10/24/2017 @ 7:00 PM

The Devil

(Andrzej Zulawski, 1972) · Zulawski helms the story of Jakub, a young Polish nobleman, saved at the last minute from being hanged by a mysterious stranger. In recompense, Jakub accompanies this satanic presence in a lurid journey across the country, with the express intention of eradicating evil. As his sanity wanes, Jakub finds himself at the head of a trail of blood whose expense is his own humanity and whose redemption is the sublimation of man's decay and destruction.

runtime: 119m format: DCP

 

10/31/2017 @ 7:00 PM

The Hourglass Sanatorium

(Wojciech Jerzy Has, 1973) · Disparate and autumnally elusive, The Hourglass Sanatorium faithfully evokes the spirit of Bruno Schulz's vibrant prose between its magnificent mise en scène and a delightful absolution of time. Józef arrives to visit his ailing father only to find that time itself has collapsed within the hallowed grounds of his sanatorium, elapsing into a surreal voyage through his father's past. A stirring homage to Schulz, the film binds his biography and fiction effortlessly together.

runtime: 124m format: DCP

 

11/7/2017 @ 7:00 PM

Interrogation

(Ryszard Bugajski, 1982) · Immediately banned for its political views, Interrogation gained notoriety via its illicit circulation throughout Poland on illegally taped VHS's, its cult viewing constituting acts of subversion among the public. Krystyna Janda, in a role that won her best actress at Cannes 8 years after the film was made, stars as an ordinary woman whose refusal to incriminate her former lover and subsequent imprisonment results in a blisteringly critical assessment of communist governance.
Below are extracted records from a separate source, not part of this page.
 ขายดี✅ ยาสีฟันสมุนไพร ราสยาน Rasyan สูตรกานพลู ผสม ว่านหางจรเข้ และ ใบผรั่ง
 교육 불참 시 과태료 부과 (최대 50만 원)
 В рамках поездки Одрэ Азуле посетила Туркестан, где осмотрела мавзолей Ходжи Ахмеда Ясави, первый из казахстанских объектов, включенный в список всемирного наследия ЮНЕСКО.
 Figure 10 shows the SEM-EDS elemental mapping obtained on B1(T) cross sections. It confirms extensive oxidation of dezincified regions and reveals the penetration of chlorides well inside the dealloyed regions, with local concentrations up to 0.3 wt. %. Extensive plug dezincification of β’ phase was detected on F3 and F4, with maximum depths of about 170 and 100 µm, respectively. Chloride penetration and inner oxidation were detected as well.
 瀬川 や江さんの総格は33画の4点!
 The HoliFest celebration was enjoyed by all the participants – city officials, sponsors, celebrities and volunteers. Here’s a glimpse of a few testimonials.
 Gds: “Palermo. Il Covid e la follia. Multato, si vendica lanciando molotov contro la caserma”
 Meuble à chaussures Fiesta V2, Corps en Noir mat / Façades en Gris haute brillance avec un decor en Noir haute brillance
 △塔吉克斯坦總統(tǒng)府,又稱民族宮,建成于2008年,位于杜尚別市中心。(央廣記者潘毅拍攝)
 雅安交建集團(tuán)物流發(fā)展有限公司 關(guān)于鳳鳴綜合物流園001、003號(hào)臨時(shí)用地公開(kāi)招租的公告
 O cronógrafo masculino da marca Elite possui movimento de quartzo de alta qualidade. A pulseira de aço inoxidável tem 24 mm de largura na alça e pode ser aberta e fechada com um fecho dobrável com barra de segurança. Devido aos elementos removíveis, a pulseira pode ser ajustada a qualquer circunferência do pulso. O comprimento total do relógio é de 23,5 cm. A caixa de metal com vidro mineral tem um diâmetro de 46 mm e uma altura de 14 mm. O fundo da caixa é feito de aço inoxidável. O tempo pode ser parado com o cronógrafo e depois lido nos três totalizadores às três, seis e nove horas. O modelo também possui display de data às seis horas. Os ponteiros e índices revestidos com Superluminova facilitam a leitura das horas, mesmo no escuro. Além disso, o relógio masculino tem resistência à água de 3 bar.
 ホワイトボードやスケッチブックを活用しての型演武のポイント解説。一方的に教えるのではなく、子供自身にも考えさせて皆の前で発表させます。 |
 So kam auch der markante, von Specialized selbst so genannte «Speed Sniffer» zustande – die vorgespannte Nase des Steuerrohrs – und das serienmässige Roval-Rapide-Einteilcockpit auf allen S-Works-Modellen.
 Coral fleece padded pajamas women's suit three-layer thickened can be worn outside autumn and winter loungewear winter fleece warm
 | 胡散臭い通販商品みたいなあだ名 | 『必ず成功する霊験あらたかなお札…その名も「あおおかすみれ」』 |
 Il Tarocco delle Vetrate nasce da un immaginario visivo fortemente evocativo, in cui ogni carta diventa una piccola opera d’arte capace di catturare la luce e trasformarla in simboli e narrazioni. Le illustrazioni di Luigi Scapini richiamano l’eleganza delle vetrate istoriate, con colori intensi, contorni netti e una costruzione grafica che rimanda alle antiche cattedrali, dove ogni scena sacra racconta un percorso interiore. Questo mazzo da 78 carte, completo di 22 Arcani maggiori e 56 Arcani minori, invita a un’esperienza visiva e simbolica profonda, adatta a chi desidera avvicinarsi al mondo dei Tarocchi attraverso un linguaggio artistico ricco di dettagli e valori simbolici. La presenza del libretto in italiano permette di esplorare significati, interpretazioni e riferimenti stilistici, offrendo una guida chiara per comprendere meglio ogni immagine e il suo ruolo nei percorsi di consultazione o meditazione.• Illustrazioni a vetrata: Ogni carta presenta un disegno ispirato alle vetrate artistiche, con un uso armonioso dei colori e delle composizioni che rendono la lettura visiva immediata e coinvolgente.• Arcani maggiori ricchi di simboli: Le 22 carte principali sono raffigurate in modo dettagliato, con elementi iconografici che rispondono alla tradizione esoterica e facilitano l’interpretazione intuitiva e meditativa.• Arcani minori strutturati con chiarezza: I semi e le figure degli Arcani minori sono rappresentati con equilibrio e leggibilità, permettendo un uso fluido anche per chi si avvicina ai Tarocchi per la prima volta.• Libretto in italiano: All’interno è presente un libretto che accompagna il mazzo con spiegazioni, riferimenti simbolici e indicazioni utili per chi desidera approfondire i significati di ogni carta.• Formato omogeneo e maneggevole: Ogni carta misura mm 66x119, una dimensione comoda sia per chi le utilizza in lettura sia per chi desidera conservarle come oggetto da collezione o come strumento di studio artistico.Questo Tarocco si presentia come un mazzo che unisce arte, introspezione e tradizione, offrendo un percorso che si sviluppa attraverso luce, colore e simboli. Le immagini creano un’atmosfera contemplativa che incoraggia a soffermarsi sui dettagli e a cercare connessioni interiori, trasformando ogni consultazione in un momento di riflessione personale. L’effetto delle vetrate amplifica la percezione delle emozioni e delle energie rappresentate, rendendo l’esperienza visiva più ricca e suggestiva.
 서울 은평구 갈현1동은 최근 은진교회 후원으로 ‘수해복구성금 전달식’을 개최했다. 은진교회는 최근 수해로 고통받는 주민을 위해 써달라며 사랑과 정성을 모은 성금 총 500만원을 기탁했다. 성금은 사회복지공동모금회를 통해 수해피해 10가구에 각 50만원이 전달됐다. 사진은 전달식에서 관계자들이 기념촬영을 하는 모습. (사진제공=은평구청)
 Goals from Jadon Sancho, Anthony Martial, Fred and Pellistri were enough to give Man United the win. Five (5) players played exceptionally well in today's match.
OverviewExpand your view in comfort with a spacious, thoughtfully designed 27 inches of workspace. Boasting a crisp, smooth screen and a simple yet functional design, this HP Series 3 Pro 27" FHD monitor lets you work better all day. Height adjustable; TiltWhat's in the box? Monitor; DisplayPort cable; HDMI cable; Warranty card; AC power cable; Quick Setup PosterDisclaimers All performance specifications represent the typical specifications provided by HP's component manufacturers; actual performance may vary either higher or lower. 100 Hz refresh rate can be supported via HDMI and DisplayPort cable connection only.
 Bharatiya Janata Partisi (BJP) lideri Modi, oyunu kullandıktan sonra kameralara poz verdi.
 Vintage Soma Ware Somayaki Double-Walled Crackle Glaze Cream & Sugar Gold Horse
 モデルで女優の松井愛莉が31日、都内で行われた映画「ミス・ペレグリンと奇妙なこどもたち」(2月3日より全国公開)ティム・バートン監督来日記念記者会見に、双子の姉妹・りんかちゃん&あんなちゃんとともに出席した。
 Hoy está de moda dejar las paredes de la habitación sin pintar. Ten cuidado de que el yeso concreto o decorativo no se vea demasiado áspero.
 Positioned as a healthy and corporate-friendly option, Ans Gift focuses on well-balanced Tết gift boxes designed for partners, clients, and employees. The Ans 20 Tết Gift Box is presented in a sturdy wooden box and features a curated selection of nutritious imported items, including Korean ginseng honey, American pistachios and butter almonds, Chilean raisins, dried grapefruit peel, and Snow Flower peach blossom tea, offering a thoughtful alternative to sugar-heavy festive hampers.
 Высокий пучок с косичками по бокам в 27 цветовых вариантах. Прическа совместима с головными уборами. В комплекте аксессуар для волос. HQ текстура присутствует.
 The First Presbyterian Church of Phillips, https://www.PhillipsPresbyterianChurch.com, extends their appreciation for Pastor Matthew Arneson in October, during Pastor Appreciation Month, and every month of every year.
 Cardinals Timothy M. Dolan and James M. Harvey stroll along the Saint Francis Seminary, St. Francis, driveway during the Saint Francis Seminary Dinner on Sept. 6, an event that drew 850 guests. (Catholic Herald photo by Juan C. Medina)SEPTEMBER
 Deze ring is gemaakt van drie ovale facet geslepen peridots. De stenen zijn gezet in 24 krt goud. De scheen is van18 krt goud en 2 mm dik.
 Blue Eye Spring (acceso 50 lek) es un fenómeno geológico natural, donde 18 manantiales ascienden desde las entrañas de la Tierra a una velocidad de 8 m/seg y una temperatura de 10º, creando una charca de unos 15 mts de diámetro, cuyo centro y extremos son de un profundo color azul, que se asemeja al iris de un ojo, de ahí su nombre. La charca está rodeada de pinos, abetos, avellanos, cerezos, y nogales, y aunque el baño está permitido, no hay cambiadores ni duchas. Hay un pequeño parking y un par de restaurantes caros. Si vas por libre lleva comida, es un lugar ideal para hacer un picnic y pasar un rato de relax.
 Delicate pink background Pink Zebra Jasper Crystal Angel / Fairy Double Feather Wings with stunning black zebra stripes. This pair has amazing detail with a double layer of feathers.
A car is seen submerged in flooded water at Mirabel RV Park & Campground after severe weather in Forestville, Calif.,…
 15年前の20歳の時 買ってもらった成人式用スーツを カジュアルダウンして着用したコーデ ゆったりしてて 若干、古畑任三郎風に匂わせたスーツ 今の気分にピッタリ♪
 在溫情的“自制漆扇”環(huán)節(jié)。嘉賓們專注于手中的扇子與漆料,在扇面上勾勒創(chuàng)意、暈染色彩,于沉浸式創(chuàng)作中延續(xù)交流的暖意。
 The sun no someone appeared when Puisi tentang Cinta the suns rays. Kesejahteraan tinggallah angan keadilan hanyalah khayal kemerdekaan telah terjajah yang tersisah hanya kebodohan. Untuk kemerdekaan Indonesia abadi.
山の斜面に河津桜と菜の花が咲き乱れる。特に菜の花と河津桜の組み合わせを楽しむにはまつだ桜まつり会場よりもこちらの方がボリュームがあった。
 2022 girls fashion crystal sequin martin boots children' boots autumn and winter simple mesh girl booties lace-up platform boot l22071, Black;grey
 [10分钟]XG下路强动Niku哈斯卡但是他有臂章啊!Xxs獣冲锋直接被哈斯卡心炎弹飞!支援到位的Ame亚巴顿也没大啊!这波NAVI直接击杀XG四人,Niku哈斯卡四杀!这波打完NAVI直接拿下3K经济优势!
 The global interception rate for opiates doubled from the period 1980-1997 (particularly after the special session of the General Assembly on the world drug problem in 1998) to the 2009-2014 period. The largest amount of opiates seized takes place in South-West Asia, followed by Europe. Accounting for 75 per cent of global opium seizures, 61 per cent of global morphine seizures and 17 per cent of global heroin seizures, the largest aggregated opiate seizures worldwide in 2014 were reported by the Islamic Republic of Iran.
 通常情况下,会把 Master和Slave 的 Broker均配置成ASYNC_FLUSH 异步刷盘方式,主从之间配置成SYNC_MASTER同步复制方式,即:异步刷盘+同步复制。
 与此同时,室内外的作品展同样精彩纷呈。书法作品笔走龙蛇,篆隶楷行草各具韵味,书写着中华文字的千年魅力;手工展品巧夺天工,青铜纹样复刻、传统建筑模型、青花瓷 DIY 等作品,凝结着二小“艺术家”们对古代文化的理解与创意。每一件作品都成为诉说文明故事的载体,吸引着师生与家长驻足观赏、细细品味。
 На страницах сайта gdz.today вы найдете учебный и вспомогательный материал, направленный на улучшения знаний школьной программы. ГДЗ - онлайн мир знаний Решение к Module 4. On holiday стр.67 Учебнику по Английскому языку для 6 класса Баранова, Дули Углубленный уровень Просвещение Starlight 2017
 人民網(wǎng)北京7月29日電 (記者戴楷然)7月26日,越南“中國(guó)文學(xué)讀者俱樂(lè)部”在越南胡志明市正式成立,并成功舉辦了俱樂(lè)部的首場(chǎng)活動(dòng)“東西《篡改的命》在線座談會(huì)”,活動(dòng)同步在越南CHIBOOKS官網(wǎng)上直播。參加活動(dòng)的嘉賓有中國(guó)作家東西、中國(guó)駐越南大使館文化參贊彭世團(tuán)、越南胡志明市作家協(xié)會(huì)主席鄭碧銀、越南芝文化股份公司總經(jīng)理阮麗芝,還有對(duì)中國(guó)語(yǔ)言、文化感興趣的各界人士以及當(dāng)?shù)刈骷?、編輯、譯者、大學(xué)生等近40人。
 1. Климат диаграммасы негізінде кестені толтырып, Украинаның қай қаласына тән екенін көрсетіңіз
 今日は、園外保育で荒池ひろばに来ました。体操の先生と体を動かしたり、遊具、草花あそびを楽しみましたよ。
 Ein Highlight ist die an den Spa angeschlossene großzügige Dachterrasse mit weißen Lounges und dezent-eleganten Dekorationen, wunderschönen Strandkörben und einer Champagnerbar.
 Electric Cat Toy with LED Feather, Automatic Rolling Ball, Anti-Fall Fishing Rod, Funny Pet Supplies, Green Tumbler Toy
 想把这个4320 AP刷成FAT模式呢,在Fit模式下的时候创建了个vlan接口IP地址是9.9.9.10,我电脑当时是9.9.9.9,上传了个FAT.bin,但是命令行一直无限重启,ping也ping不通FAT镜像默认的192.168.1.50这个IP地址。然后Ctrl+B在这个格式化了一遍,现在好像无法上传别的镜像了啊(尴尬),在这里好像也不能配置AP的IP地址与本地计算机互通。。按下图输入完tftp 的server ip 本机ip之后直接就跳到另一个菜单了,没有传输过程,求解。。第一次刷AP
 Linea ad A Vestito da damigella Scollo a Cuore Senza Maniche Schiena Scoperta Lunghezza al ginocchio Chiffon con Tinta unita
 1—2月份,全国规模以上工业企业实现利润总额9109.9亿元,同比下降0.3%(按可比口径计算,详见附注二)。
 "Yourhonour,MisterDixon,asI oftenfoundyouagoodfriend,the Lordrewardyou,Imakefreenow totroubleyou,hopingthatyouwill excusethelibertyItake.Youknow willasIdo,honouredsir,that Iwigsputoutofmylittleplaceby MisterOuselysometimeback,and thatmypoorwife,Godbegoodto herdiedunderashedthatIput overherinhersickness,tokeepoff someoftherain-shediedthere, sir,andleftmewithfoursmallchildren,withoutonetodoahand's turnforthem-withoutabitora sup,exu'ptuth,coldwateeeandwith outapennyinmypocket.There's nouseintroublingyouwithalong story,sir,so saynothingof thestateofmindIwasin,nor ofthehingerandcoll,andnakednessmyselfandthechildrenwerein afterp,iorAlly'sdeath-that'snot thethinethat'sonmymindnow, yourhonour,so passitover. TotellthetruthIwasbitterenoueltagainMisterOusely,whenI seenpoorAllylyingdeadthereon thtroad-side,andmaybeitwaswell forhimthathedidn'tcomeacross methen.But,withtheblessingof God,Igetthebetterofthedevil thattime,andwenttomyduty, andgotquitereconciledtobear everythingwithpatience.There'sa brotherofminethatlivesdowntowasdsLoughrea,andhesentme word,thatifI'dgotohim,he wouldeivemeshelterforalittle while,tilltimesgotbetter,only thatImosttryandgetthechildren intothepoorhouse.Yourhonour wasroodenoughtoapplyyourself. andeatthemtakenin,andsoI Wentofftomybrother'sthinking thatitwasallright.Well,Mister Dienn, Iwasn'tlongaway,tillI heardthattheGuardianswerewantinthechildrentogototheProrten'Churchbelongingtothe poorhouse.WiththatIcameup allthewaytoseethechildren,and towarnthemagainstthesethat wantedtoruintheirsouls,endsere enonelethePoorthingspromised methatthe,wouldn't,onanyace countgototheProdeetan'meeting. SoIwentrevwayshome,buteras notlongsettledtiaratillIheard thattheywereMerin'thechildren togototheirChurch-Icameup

runtime: 118m format: 35mm

 

11/14/2017 @ 7:00 PM

Black Cross

(Aleksander Ford, 1960) · A response to the epic films of Hollywood, Black Cross, or Knights of the Teutonic Order, is also considered Poland's first blockbuster. War serves as the backdrop for this historical romp as Jurand of Spychów defends the Poles against the Teutonic Knights. Meanwhile, Jurand's daughter is wooed by the brave and vengeful Zbyszko of Bogdaniec. Swordplay and political intrigue collide as the film hurtles towards the historic Battle of Grunwald.

runtime: 166m format: DCP

 

11/21/2017 @ 7:00 PM

Third Part of the Night

(Andrzej Zulawski, 1971) · A shocking feature of dismal slaughter and the grim venture of existence, Zulawski's debut opens with the murder of Michal's family by German soldiers during Poland's occupation. Michal and his father escape into the dark wood only to find their world of escape blistered into a ruthless angelic apocalypse, exploding with the madness of doppelgangers, Nazi labs, and war's atrocities as resistance becomes the only means of regaining heaven in hell.

runtime: 105m format: DCP

 

11/28/2017 @ 7:00 PM

Knife in the Water

(Roman Polanski, 1962) · Roman Polanski's debut feature is an exercise in tension, effortlessly eroding the restraint and composure of its characters' humanity. When a couple condescendingly invites a hitchhiker to join their boating excursion, the stage is set for a bitter competition between both men for the woman's attention. With a knife taking the place of Chekhov's gun, chaos is set into spiraling motion in this virtuosic display of the grace to be found in accumulating pressure.